Cinta mengajarkan kita tuk saling menerima kekurangan, saling melengkapi dan saling menghargai. Saling berbagi dan saling mengerti. Bukan selalu menyalahkan, tapi saling menguatkan.
Dinda mengambil ponsel yang berada di genggaman Alvian, pria itu tertidur ketika sedang menunggu kekasihnya. Ia melihat deretan foto mesra mereka berdua, Dinda tersenyum lalu meletakkan ponsel itu ke atas nakas. Wanita itu duduk di sebelah Alvian, lalu mengusap kepala kekasihnya dengan lembut. Jemarinya turun ke kening, lalu ke alis. Alis mata yang hitam tebal, hidung mancung dengan bibir yang tipis. Ia mengusap pelan bibir Alvian, lalu turun ke rambut halus yang tumbuh dibawah bibir pria itu. Entahlah, ia sangat suka melihat bulu halus yang tumbuh di bibir Alvian. Ia tak rela jika Alvian memotongnya.

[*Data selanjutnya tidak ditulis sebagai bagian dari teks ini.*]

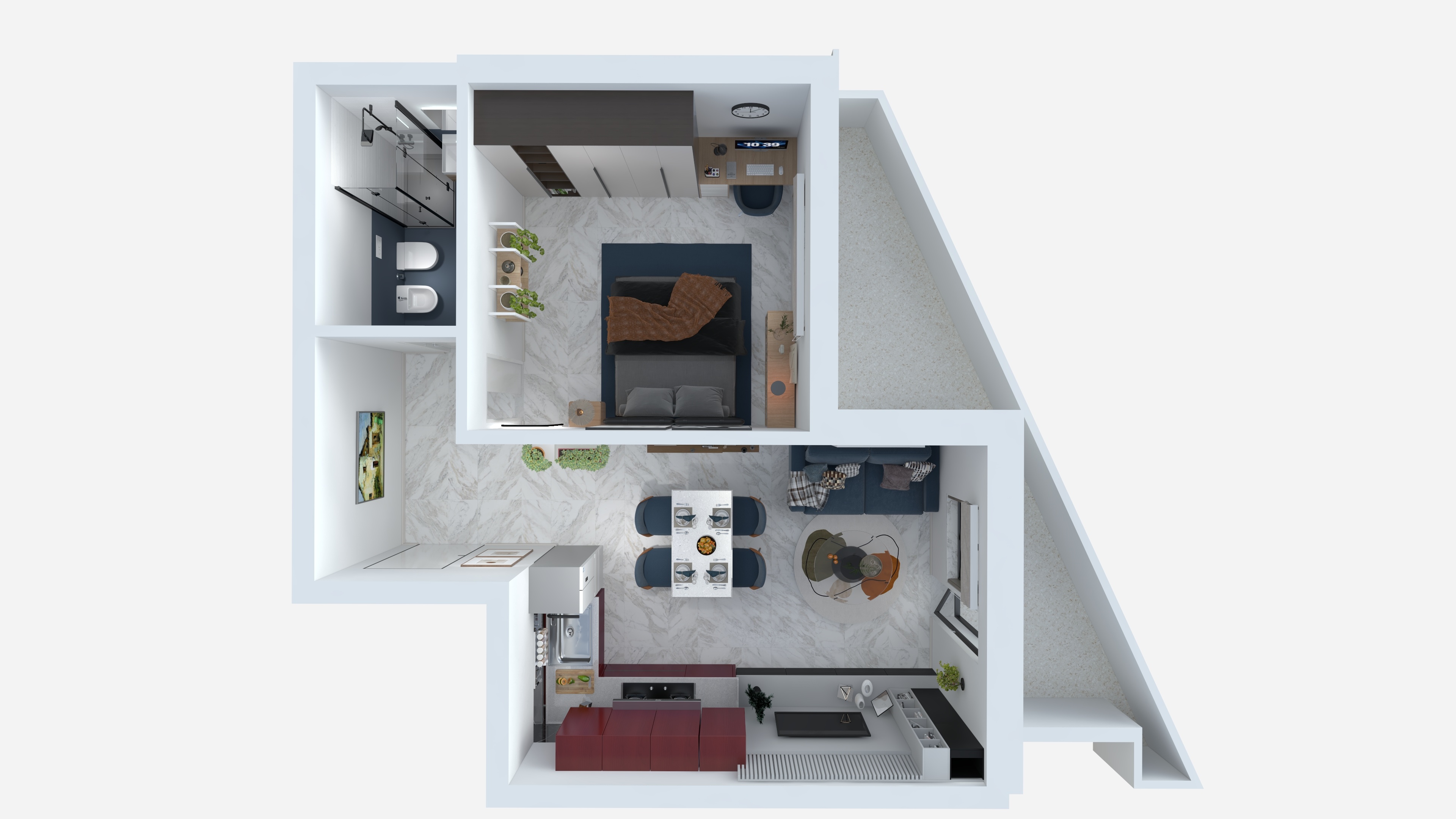 L’immobile è composto da un’accogliente zona giorno con cucina a vista che crea uno spazio aperto e conviviale, un’ampia camera da letto matrimoniale, un bagno moderno e rifinito e un ampio balcone.

Dinda membungkuk hendak mengecup bibir kekasihnya, tapi ia sangat terkejut ketika melihat mata Alvian yang terbuka secara tiba-tiba.
"Kamu ketahuan sayang." ucap Alvian dengan suara serak khas bangun tidur.
Dinda tergagap, ia menarik kembali kepalanya ke belakang.
Tapi tangan Alvian yang kokoh menahannya, membuat kepala Dinda kembali mendekat ke wajah Alvian. Hingga nafas Alvian terasa hangat menerpa wajahnya. Memberikan rasa yang berbeda. Jantungnya memompa darah semakin cepat sekarang. Nafas Alvian membuatnya menggila. Kini Dinda berada di atas tubuh Alvian, dada mereka saling menempel.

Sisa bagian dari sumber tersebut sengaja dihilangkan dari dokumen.